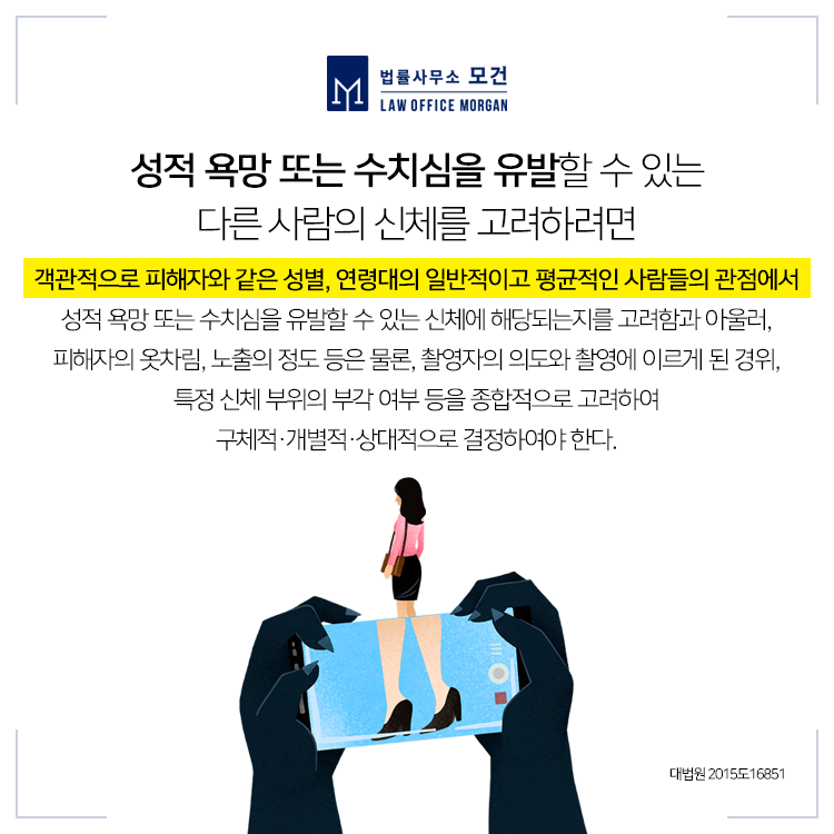 「성폭력처벌법」 제14조 제1항은 '성적 욕망 또는 수치심을 유발할 수 있는 사람의 신체'를 상대방의 의사에 반하여 촬영할 것을 기본요건으로 하고 있습니다. 이는 인격체인 피해자의 성적 자유와 함부로 촬영당하지 않을 자유를 보호하기 위한 것입니다.
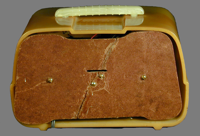 The catalin cabinet on this radio has shrunk so much that the back will no longer fit into it.
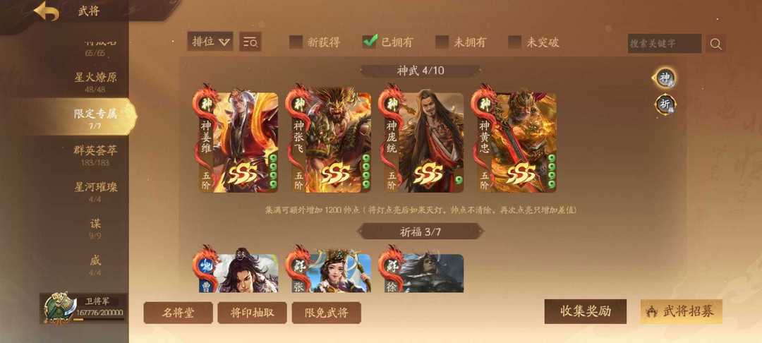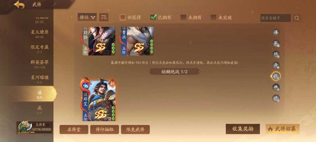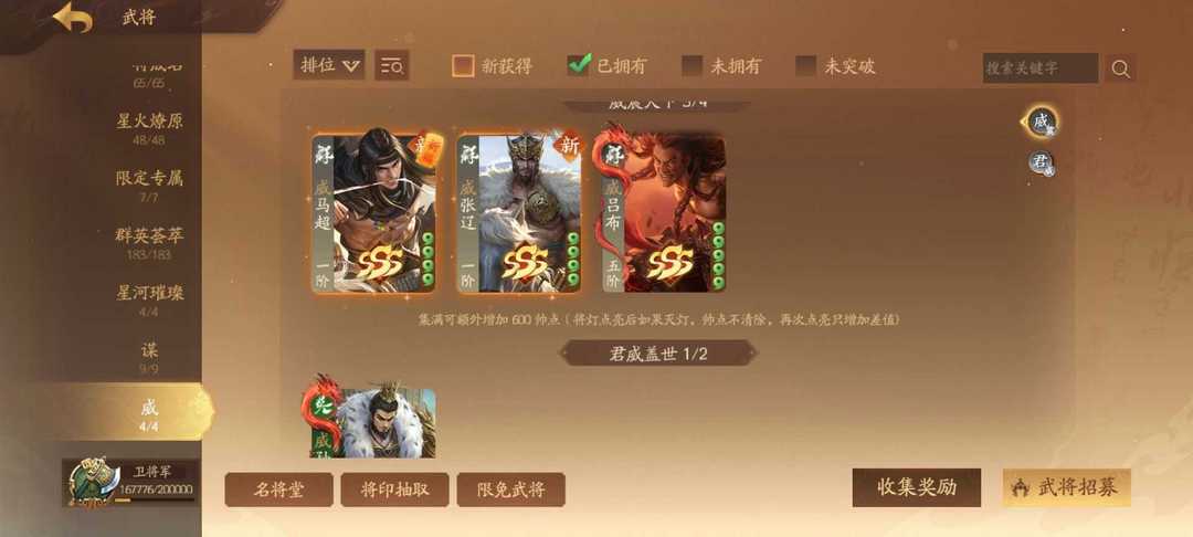 装备描述:威马超 威张辽 威孙权 威吕布 谋姜维 谋荀彧 谋邓艾 神张飞(限) 神黄忠 神庞统 崔令仪 钟毓 夏侯徽(传)张奂 许靖(丹枫动)曹芳 柏灵筠 乐蔡邕 乐貂蝉 乐蔡文姬(限)乐祢衡(传)乐诸葛果 乐小乔(传)庞宏 袁胤 薛灵韵(限动)周宣 (传)黄舞蝶(限动)刘烨 和尚 朱建平 张曼城(传)曹宪 (限)丁尚婉 甘糜夫人 樊玉凤 清河公主 徐馨 孙霸 谋司马师(传)谋张秀 谋沮授 谋曹洪 星张春华 张璇 徐荣(至臻动)张琪瑛 曹纯 庞山民 腾公主 庞会 陈硅 贾充 孙綝 留赞 孟优 向宠 陈泰 胡遵 吕据 文钦 吴范 周不疑 苒姬 陈氏 许劭 关宁 管宁 黄承彦 刘巴 ssa曹纯
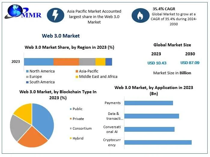 The global Web 3.0 market is on the brink of a transformative expansion, driven by advancements in decentralized technologies and the increasing demand for enhanced user experiences. According to a recent report by Maximize Market Research, the market, valued at USD 10.43 billion in 2023, is anticipated to grow at a compound annual growth rate (CAGR) of 35.4%, reaching nearly USD 87.09 billion by 2030.
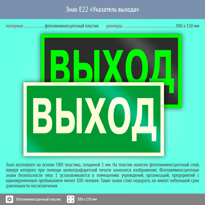 Знак E22 «Указатель выхода» (фотолюминесцентный пластик, 300х150 мм) в Бердске купить
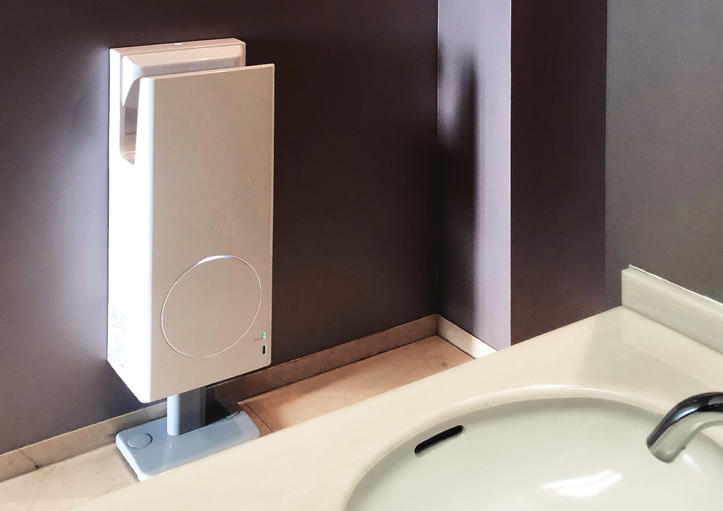 実際に「衛生強化モデル」を使ってみたところ、「ヘルスエアー®機能」搭載循環ファンは稼働音がほとんどなく、動いているのか心配になるくらい静かで驚いています。天面のランプが点くので稼働していることがわかり、清浄機能が働いているという安心感が得られるのはよいですね。脱臭効果があるため、トイレのニオイが以前より気にならなくなったというのも更新効果といえます。乾燥機能に関しては、風の出方が従来品より優しくなったように感じる半面、以前より速乾性がよくなったと思います。旧型品の再稼働時も今回の新商品設置後も、利用者の方々からジェットタオルの使用に関する問い合わせや稼働停止の申し入れはなく、施設運営側としては何よりです。
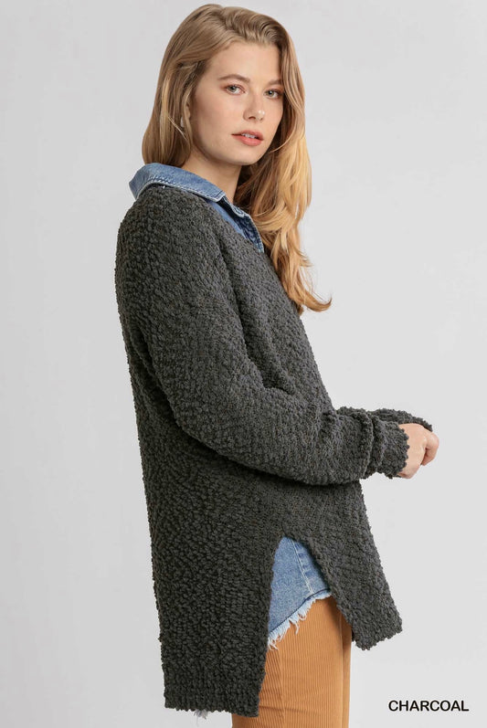 Long Sleeve V-Neck Soft Knit Pullover Sweater with Side Slits
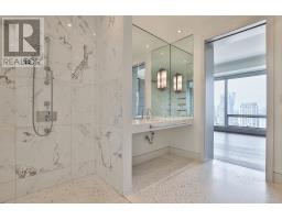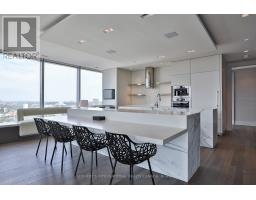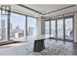 This extraordinary suite at the Four Seasons Private Residences in Yorkville redefines luxury living in the heart of Toronto. This is not just a residence but an elevated lifestyle reserved for a select few. Created by merging two units into a single masterpiece, the suite spans approximately 5000 square feet with soaring 10' ceilings, presenting the scale and poise of a home in the sky. Enter via two private elevators directly into an elegant foyer of epoxied and honed marble, then step into luminous living spaces framed by floor-to-ceiling windows with sweeping south-west-east unobstructed views and two expansive private terraces.The culinary centrepiece is a chef inspired kitchen featuring custom Kobi cabinetry, two waterfall edge Statuario marble islands and fully integrated Subzero and Miele appliances. Rich walnut and Xorel panels, Moncer custom Herringbone Oak Hardwood flooring and a floating fireplace showcase meticulous design throughout. Four generous bedrooms and five bathrooms - including a primary ensuite with heated floors, Vola plumbing fixtures, honed Calacatta Oro epoxy filled mosaic detailing and large walk in closet - offer sanctuary and luxury in equal measure.Comfort and ambiance are seamlessly managed via two hvac units with concealed returns and linear vents. Residents enjoy world class Four Seasons services: 24/7 concierge, full service spa, valet parking, indoor pool, state of the art gym and wellness centre, room service, house keeping and culinary options include Cafe Boulud and D bar lounge, all in a secure refined environment (id:47351)

#####

■ **Your task**: A word-for-word reproduction is needed of the lines above from the line containing "実際に「衛生強化モデル」を使" through the line containing "Long Sleeve V-Neck", with both ends kept and no pictures.

■ **Result for this exercise**:
 実際に「衛生強化モデル」を使ってみたところ、「ヘルスエアー®機能」搭載循環ファンは稼働音がほとんどなく、動いているのか心配になるくらい静かで驚いています。天面のランプが点くので稼働していることがわかり、清浄機能が働いているという安心感が得られるのはよいですね。脱臭効果があるため、トイレのニオイが以前より気にならなくなったというのも更新効果といえます。乾燥機能に関しては、風の出方が従来品より優しくなったように感じる半面、以前より速乾性がよくなったと思います。旧型品の再稼働時も今回の新商品設置後も、利用者の方々からジェットタオルの使用に関する問い合わせや稼働停止の申し入れはなく、施設運営側としては何よりです。
 Long Sleeve V-Neck Soft Knit Pullover Sweater with Side Slits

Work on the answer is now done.